The dip in unemployment registered by D.C. and Virginia in July, and the very slight increase in Maryland, does not necessarily signal a regional economic turnaround or an end to the recession, one expert economist said.
In D.C., the July jobless rate settled at 10.6 percent, down from 10.9 percent in June, the Bureau of Labor Statistics announced Friday. In Virginia, overall unemployment fell from 7.2 to 6.9 percent. In Maryland, the rate inched up from 7.2 to 7.3 percent. Seventeen states and the District saw their unemployment rates fall between June and July.
The data are nothing to celebrate, said Stephen Fuller, director of George Mason University’s Center for Regional Analysis.
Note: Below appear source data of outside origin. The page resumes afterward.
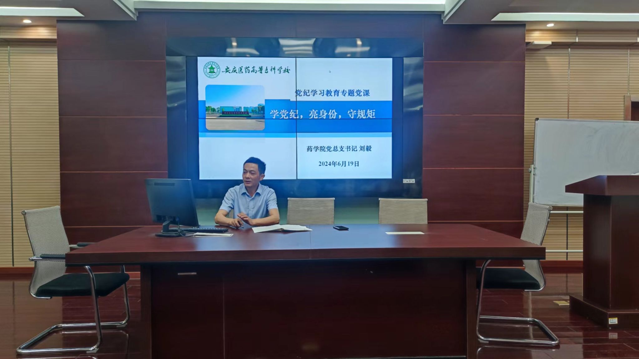 為推進黨紀學習教育走深走實,6月19日,藥學院黨總支組織開展“學黨紀·亮身份·守規矩”專題黨課,本次黨課由校黨委委員、藥學院黨總支書記、院長劉毅主講,校黨委副書記、校長朱慶豐以普通黨員身份參加學習。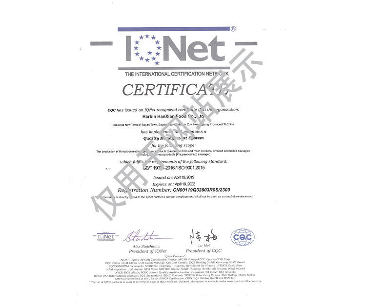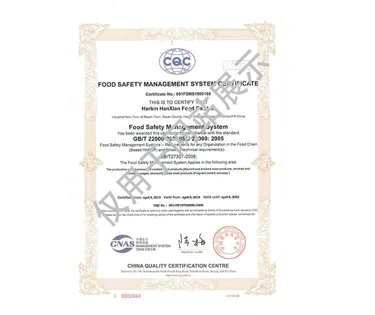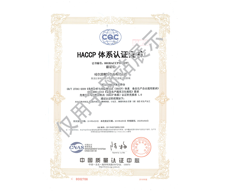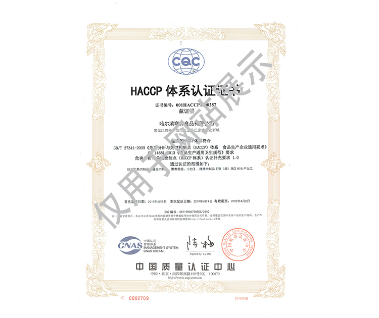 2016年公司通過了中國質量認證中心的質量管理體系(ISO9001)和食品安全管理體系(ISO22000)認證;2017年已取得國家進出口企業認證;是中國肉類協會會員單位,黑龍江省肉類協會副會長單位;2017年,公司產品經中國綠色食品發展中心審核,被認定為綠色食品A級產品;被省畜牧獸醫局確定為全國生豬屠宰標準化創建示范企業(全國僅6家)。2018年12月,被評定為市級農業產業化重點龍頭企業。2019年1月,被評定為省級農業產業化龍頭企業。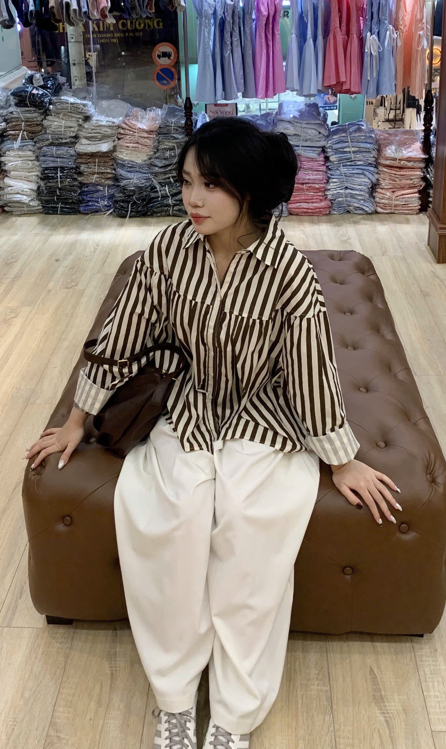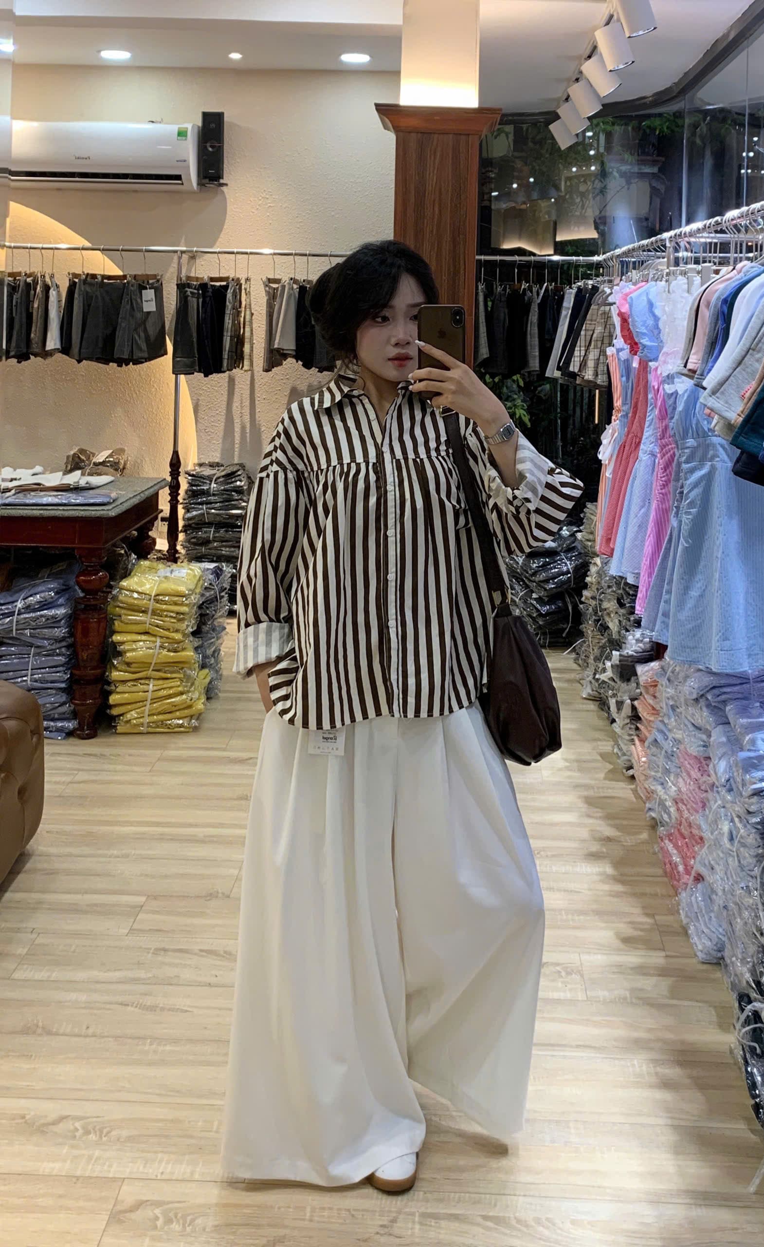 ✨ ÁO SƠ MI NỮ SỌC DÀI TAY – ANU-010 ✨ • Thiết kế: Áo sơ mi dáng rộng, tay dài bo nhẹ ở cổ tay, cổ bẻ truyền thống. Điểm nhấn đường sọc dọc giúp cơ thể trông thon gọn, dễ mặc. Form rộng thoải mái, phù hợp nhiều dáng người. • Chất liệu: Cotton pha, mềm mại, thoáng mát, dễ chăm sóc. • Màu sắc: • N: Nâu sọc trắng • X: Xanh sọc trắng • K: Kem sọc đen • Xđ: Xanh đậm sọc trắng • Size: S, M, L • Xuất xứ: Việt Nam
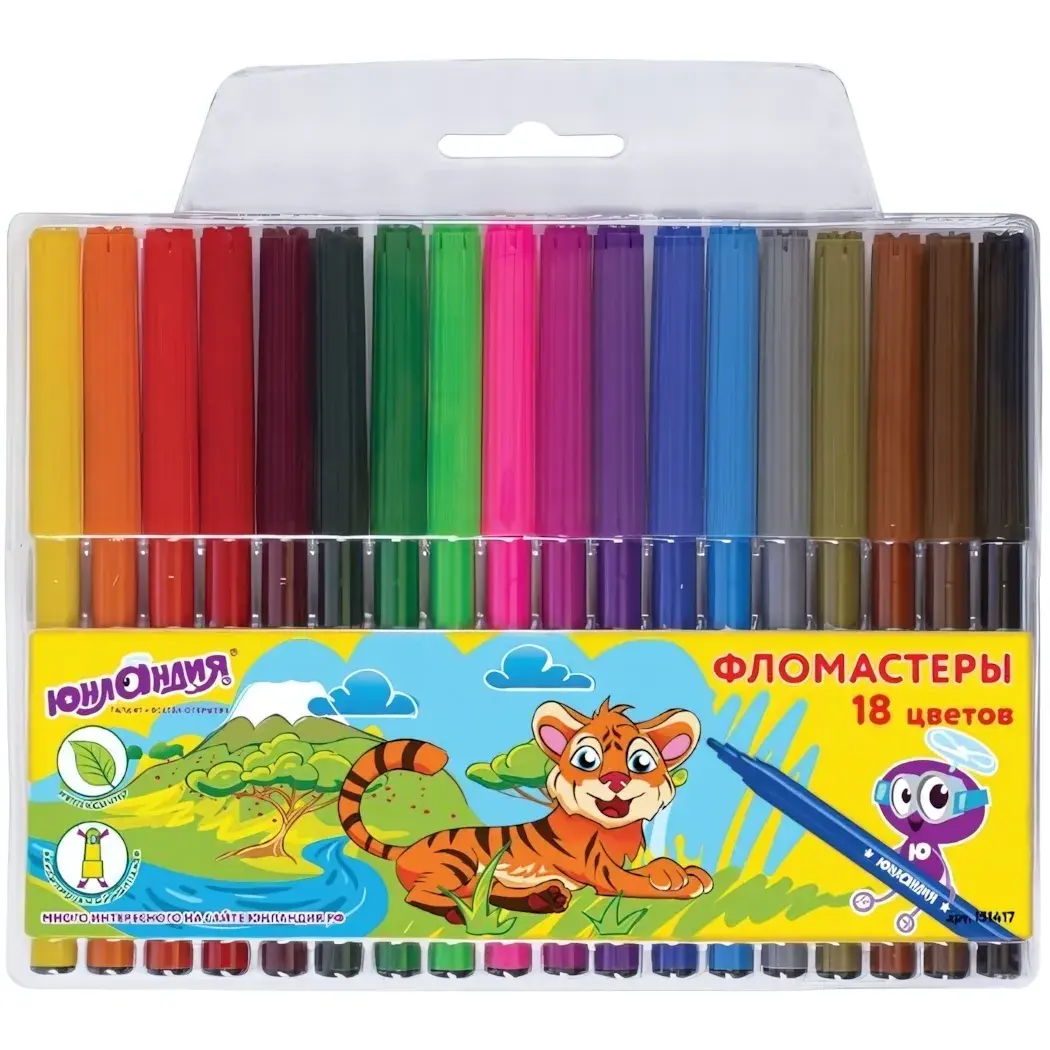 Каждый фломастер имеет гладкую текстуру и доступен в широком спектре цветов, включая красный, оранжевый, желтый, зеленый, черный, фиолетовый и многие другие. Упаковка прозрачная, что позволяет видеть все цвета, а также украшена изображением тигренка на фоне природы, что добавляет привлекательности. Фломастеры Юнландия — это не только качественный, но и безопасный выбор для вашего ребенка.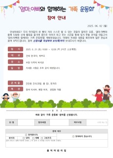 엄마,아빠와 함께하는 가족 운동회참여 안내 및 수요조사서가 나갑니다.6월 5일(목)까지 작성하셔서 보내주세요.참석여부/ 인원을 꼭~! 작성해주세요.바쁘시더라도 우리 홍익친구들의추억을 저장하기 위해이모,삼춘, 할아버지, 할머니, 누나 등누구나 참석할 수 있으니,많은 참여 부탁드립니다.오늘도 행복한 저녁시간 되세요.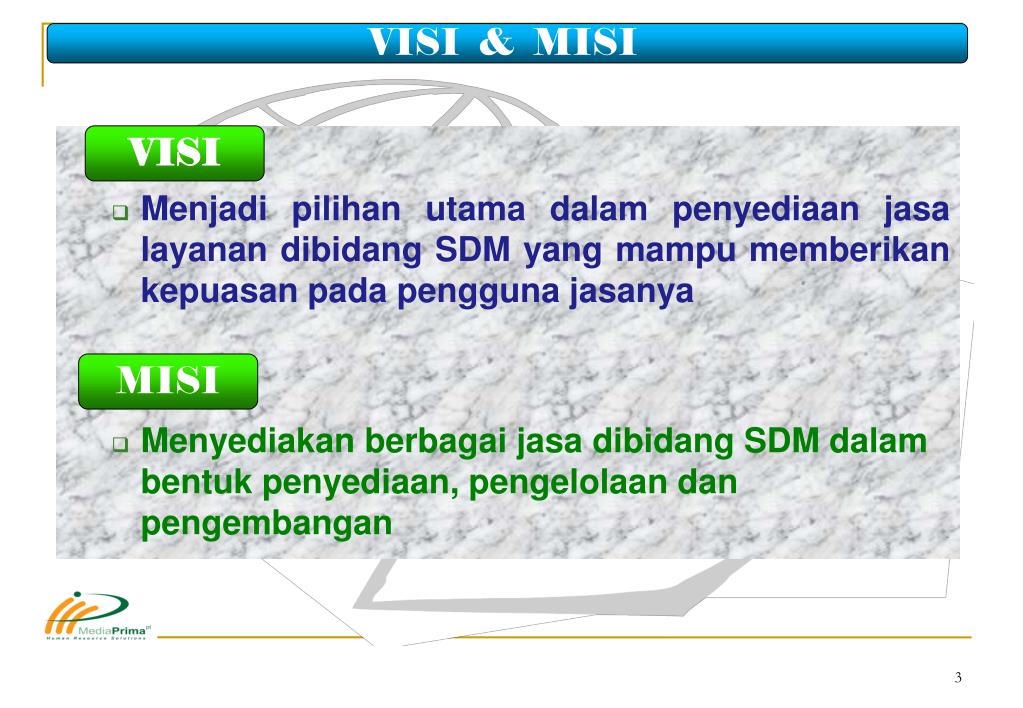 VISI & MISI • Menjadipilihanutamadalampenyediaanjasalayanandibidang SDM yang mampumemberikankepuasanpadapenggunajasanya • Menyediakanberbagaijasadibidang SDM dalambentukpenyediaan, pengelolaandanpengembangan VISI MISI

A dip in unemployment is common as a recession endures and many job seekers simply abandon their searches.
“The drop can be all ascribed to people dropping out of the workforce,” Fuller said. “When you’re unemployed for so long — this is a trend that happens in a long downturn — as you get into the second year of unemployment, you stop looking. They quit.”
When the economy finally shows signs of life and the unemployed flood the job market in search of work, Fuller said, then the unemployment rate will go back up.
The District’s unemployment figure, and the fact that it experienced the largest one-month increase in overall employment in the nation, may also be deceiving.
The number of D.C.-based wage and salary jobs rose 20,700 in July, according to the Department of Employment Services. But DOES included in its labor force statistics the 19,200 kids it employed through the Summer Youth Employment Program, most of whom are back to school Monday and no longer receiving a paycheck from the city.
“It will go back up, but it’s no big deal,” Dyoncia Brown, DOES spokesman, said of the unemployment rate.
The District should not have included summer job hires — most are part-timers in their teens — in its employment statistics, Fuller said. Job numbers are “supposed to reflect the full-time, regular workforce,” he said.
“D.C. does things their own way,” Fuller said.
Maryland experienced a slight unemployment rise, but it also added 10,000 new jobs between June and July.